I obviously don’t have the good oil on the state of trade negotiations. I thought it was a dead cert that the Trans-Pacific Partnership was going to be agreed to over the weekend in Hawaii.
I can’t say I shed a tear though. For mine, the TPP, and the series of bilateral deals Australia has struck, opens us up to all sorts of downside risks for too little upside.
First, let’s start with the benefits. These are a bit complicated. Reducing barriers preferentially may not work out to be a net benefit at all. A classic shortcoming of bilateral or regional trade deals is trade diversion.
Giving preferences to a country, or a subset of countries, means we may no longer be buying our goods and services from the cheapest supplier. Imports are diverted from the low-cost provider to a country that’s less competitive. That’s a cost to us.
Whether this is, in fact, a problem is an empirical issue. It’s why modellers are employed to do the sums on these agreements. On the whole, for agreements Australia has signed in the past, the calculations show the overall economy expanding after an FTA comes into effect, so trade diversion may not be a deal-breaker.
But these studies also show the benefits of the agreements to be small. For example, the Department of Foreign Affairs and Trade released some modelling by the Centre for International Economics in June. This showed the marquee trade agreements of the past couple of years (with Japan, Korea, and China) would boost GDP by only 0.05-0.1 per cent. That’s not GDP growth, that’s the level of GDP. To get the average effect on growth, shift the decimal point at least one place further left.

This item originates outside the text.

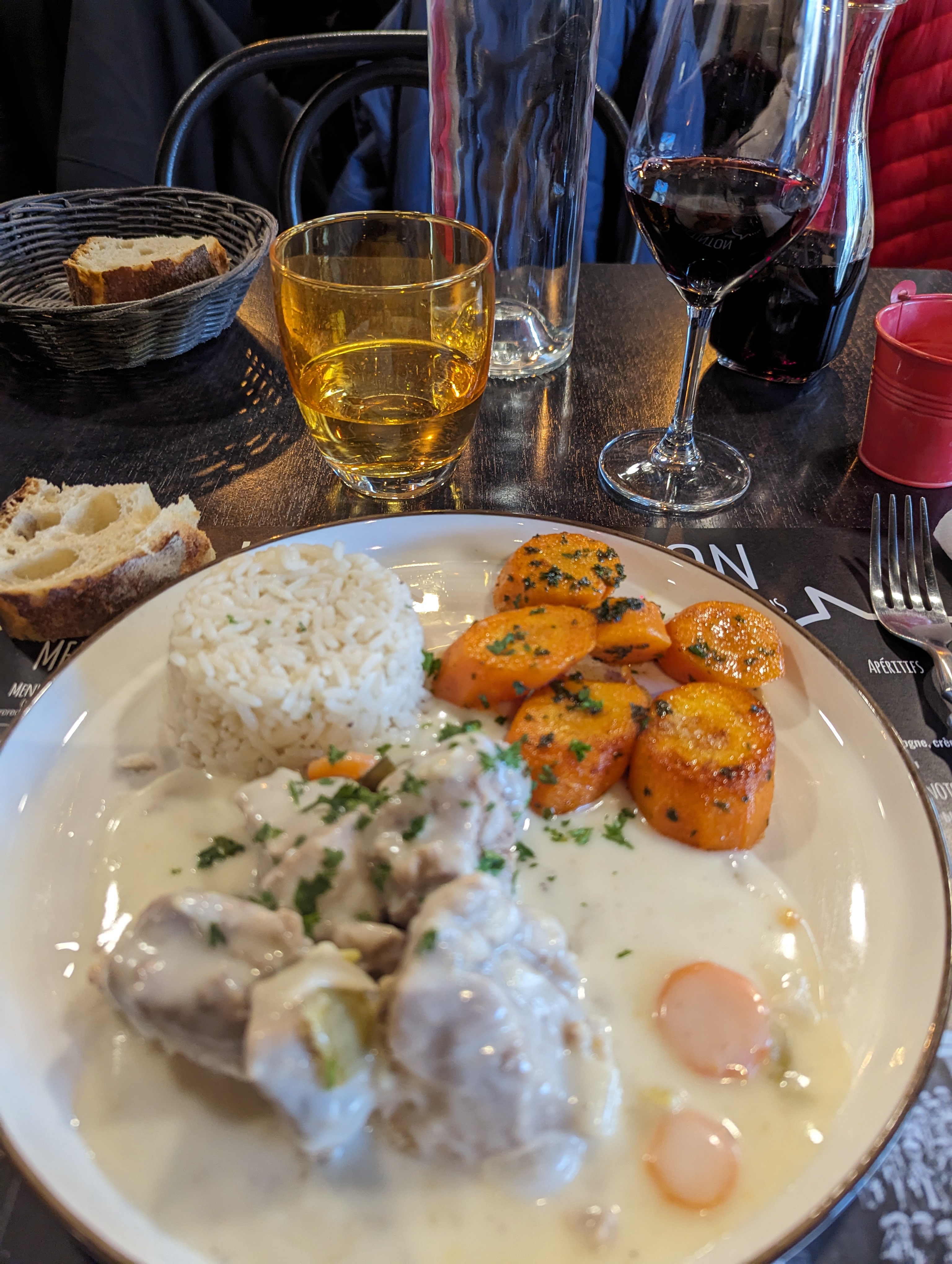 Posté le 26/12/2023 à 18:37"Nous avons déjeuné ce midi à trois en prenant la formule du jour : beignet de poisson et salade, paleron /purée, dessert ( tarte praliné, pruneaux aux épices, mousse au chocolat ). Tout était délicieux et le service rapide et souriant . Bravo !!"

And there are factors that may push that estimate down. You see, with these preferential trade deals, rules-of-origin requirements limit the impact. In order to gain the preferential tariff, companies need to show their goods are made in a partner country. This red tape means many companies do not bother with the preferential tariff. In a separate modelling exercise for the Australia-US Free-Trade Agreement, Philippa Dee, now of the Australian National University, conjectured that rules-of-origin requirements reduced the effect of liberalisation by at least a third.
Still, what’s the problem? Even if these agreements offer benefits that are difficult to see until the third decimal point, the benefits are probably still positive. But what about the downside risks?
Two particularly contentious provisions of the TPP, and other agreements Australia has signed, are the intellectual property and investor protection provisions. Australia is an importer of intellectual property, so strengthening protections will end up costing us. Investor protections have a dirty name after Philip Morris has claimed damages against Australia over plain-packaging laws.
Let’s start with investor protection. Presumably, those crafting the Australia-Hong Kong bilateral investment treaty, the treaty Philip Morris is using to claim damages, did not anticipate it would be used in such a way.
After all, following the signing of the Korea-Australia Free-Trade Agreement (KAFTA), Andrew Robb said “you could not have the plain-packaging exercise repeated” using provisions in KAFTA. Such a possibility, he said, had been carved out. But when Professor Luke Nottage was asked if KAFTA would prevent similar cases, he responded, “the answer is no under the current wording”. Suddenly I’m not so confident. Can we anticipate what we are agreeing to?
It’s difficult to spin any sort of increase in intellectual property protection as good for Australia. That’s perhaps why the government “does not support any proposals that would require changes to Australia’s current intellectual property arrangements”. If we do see changes arising from the TPP, I guess we can conclude the government failed.
In any case, Professor Kimberlee Weatherall, from the University of Sydney, wrote the following after studying the leaked TPP IP chapter from August 2013: “A range of big-picture questions arise as to the relationship between any TPP IP chapter and other obligations to which countries may be subject, and I’m not at all convinced we know the answers.” Again, there’s significant downside risk here.
Those with concerns about the TPP cannot be dismissed as antitrade Luddites. The Productivity Commission has voiced its concerns about the direction of Australia’s trade policy, and its free- trade bona fides cannot be questioned. The aggregate benefits to Australia’s trade policy are probably small, and the downside risks are real. We need more than tenuous reassurances. We need to seriously address these concerns. If not, we could be heading in a direction that is bad for Australia.
Leon Berkelmans is the director of the International Economy Program with the Lowy Institute.